Performs the Siegel-Tukey test on data x and y, where ties are handled by averaging ranks, not by asymptotic approximations.

Usage

siegel.test(x, y, alternative = c("two.sided", "less", "greater"), reverse = FALSE, 
            all.perms = TRUE, num.sim = 20000)

Arguments

x

Numeric vector of data values.

y

Numeric vector of data values.

alternative

A character string specifying the alternative hypothesis, and must be one of "two.sided" (default), "greater" or "less". Only the initial letter needs to be specified.

reverse

Logical; If FALSE (default), then assign rank 1 to the smallest observation. If TRUE, then assign rank 1 to the largest observation.

all.perms

Logical.

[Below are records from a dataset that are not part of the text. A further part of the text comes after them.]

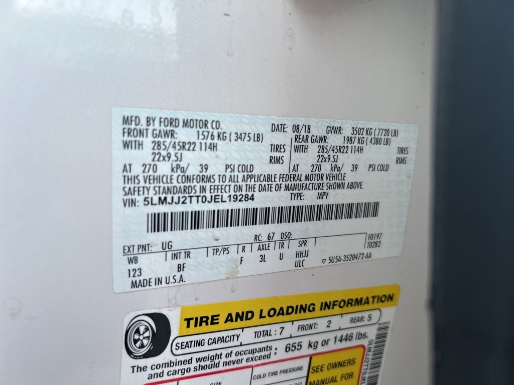 4WD, Alpine Leather, 1st & 2nd Row All-Weather Floor Liners, 20 Speakers, 3.73 Axle Ratio, 3rd row seats: split-bench, 4-Wheel Disc Brakes, ABS brakes, Adaptive suspension, Adjustable pedals, Air Conditioning, Alloy wheels, AM/FM radio: SiriusXM, AppLink/Apple CarPlay and Android Auto, Audio memory, Auto High-beam Headlights, Auto tilt-away steering wheel, Auto-dimming door mirrors, Auto-dimming Rear-View mirror, Auto-leveling suspension, Automatic temperature control, Bodyside moldings, Brake assist, Bright Roof Rack w/Black Crossbars, Bumpers: body-color, Cargo Package, Chalet Theme, Compass, Delay-off headlights, Driver door bin, Driver vanity mirror, Driver's Seat Mounted Armrest, Dual front impact airbags, Dual front side impact airbags, Electronic Stability Control, Emergency communication system: 911 Assist, Equipment Group 800A Black Label, Exterior Parking Camera Rear, Floor Carpet/Mats - Espresso w/Dinamica Suede, Four wheel independent suspension, Front anti-roll bar, Front Bucket Seats, Front dual zone A/C, Front fog lights, Front reading lights, Fully automatic headlights, Garage door transmitter: HomeLink, Genuine wood console insert, Genuine wood door panel insert, GVWR: 7,625 lbs Payload Package, Headliner - Alpine Dinamica Suede, Heads-Up Display, Heated door mirrors, Heated front seats, Heated rear seats, Heated steering wheel, HVAC memory, Illuminated entry, Leather steering wheel, Leather-Wrapped Interior - Alpine/Espresso, Low tire pressure warning, Memory seat, Navigation System, Occupant sensing airbag, Outside temperature display, Overhead airbag, Overhead console, Panic alarm, Passenger door bin, Passenger seat mounted armrest, Passenger vanity mirror, Pedal memory, Perfect Position Seating w/Active Motion, Power door mirrors, Power driver seat, Power Liftgate, Power moonroof: Panoramic Vista Roof, Power passenger seat, Power steering, Power windows, Radio data system, Radio: Revel Ultima AM/FM/HD/MP3 Audio System, Rain sensing wipers, Rear air conditioning, Rear anti-roll bar, Rear audio controls, Rear reading lights, Rear window defroster, Rear window wiper, Reclining 3rd row seat, Remote CD player, Remote keyless entry, Roof rack: rails only, Security system, Silverwood Appliques, SiriusXM Radio, Speed control, Speed-sensing steering, Speed-Sensitive Wipers, Split folding rear seat, Spoiler, Steering wheel memory, Steering wheel mounted audio controls, SYNC 3 Communications & Entertainment System, Tachometer, Telescoping steering wheel, Tilt steering wheel, Traction control, Trip computer, Turn signal indicator mirrors, Variably intermittent wipers, Venetian Lthr Htd/Cooled Captain's Chair Seat (B), Ventilated front seats, Wheels: 22 21 Spoke Black Label Ultra-Bright.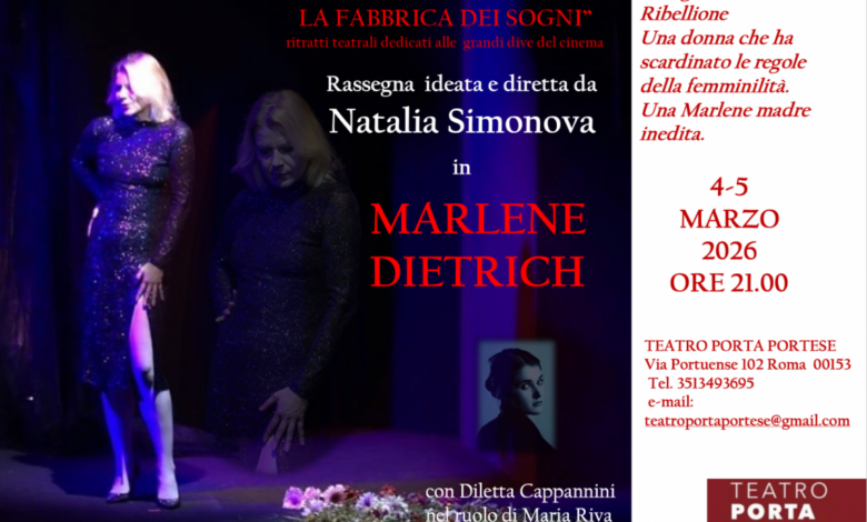 Dopo il grande successo ottenuto con Greta Garbo, Natalia Simonova torna sul palco del Teatro Porta Portese con Marlene Dietrich, nuovo appuntamento della rassegna teatrale Hollywood – La Fabbrica dei Sogni, progetto di ampio respiro da lei ideato, diretto e interpretato.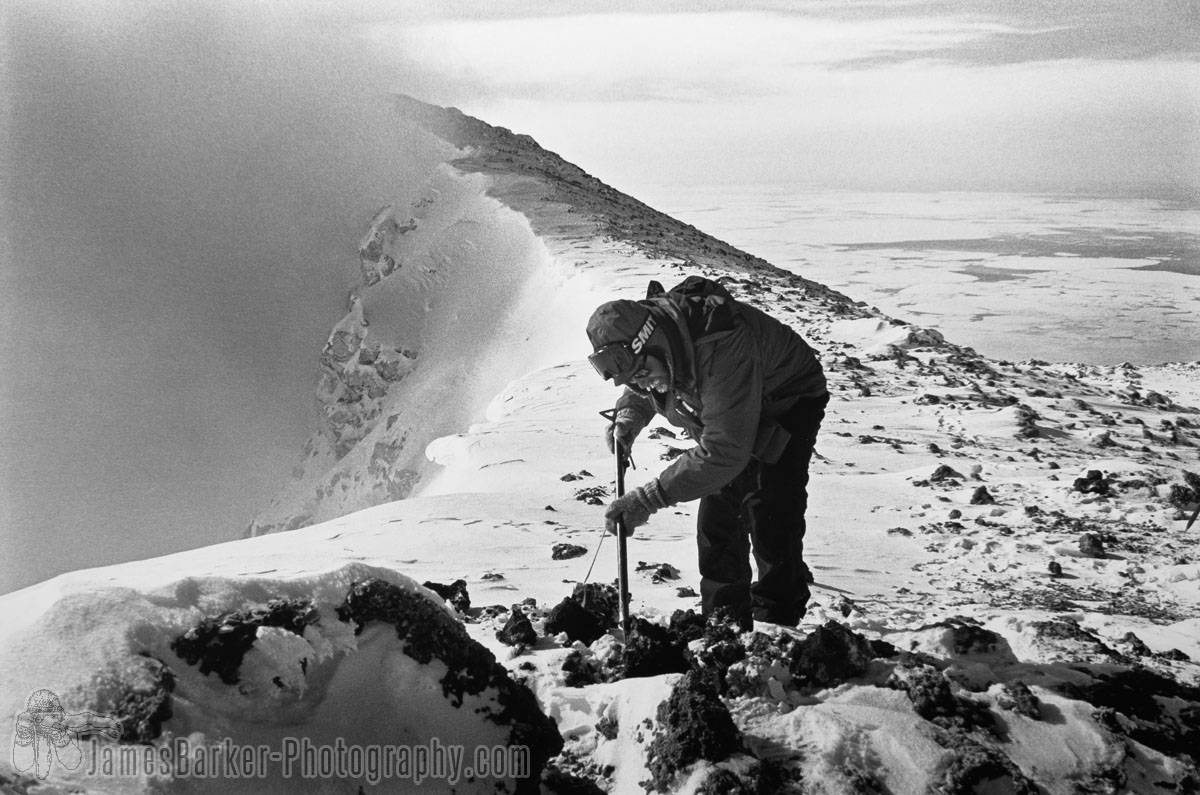 "In 1984 the seismometers on the mountain were going wild. People on the other side of the Sound could see the bombs flying through the air in the night. Within thirty minutes after arriving on The Ice I was standing by the upper hut on Erebus. I walked just a few feet from the helicopter and there sitting on the ground was a lava bomb six feet across, smoldering. I jumped in the helo and said, ’Let’s get the hell out of here!’"

The exact p-value is attempted when all.perms (i.e., all permutations) is TRUE (default), and is simulated when all.perms is FALSE or when computing an exact p-value requires more than num.sim calculations.

num.sim

The upper limit on the number of permutations generated.

Value

alternative

Same as the input.

rank.x

The Siegel-Tukey ranks of the data x.

rank.y

The Siegel-Tukey ranks of the data y.

p.value

The p-value of the test.

Details

Since the logical value of reverse may affect the p-value, yet neither logical value of reverse is preferred over the other, one should consider using ansari.test instead.

References

Higgins, J. J. (2004) Introduction to Modern Nonparametric Statistics.

See Also

ansari.test, rmd.test, and perm.test

Examples

Run this code
# NOT RUN {
# The same data are used in the following two commands.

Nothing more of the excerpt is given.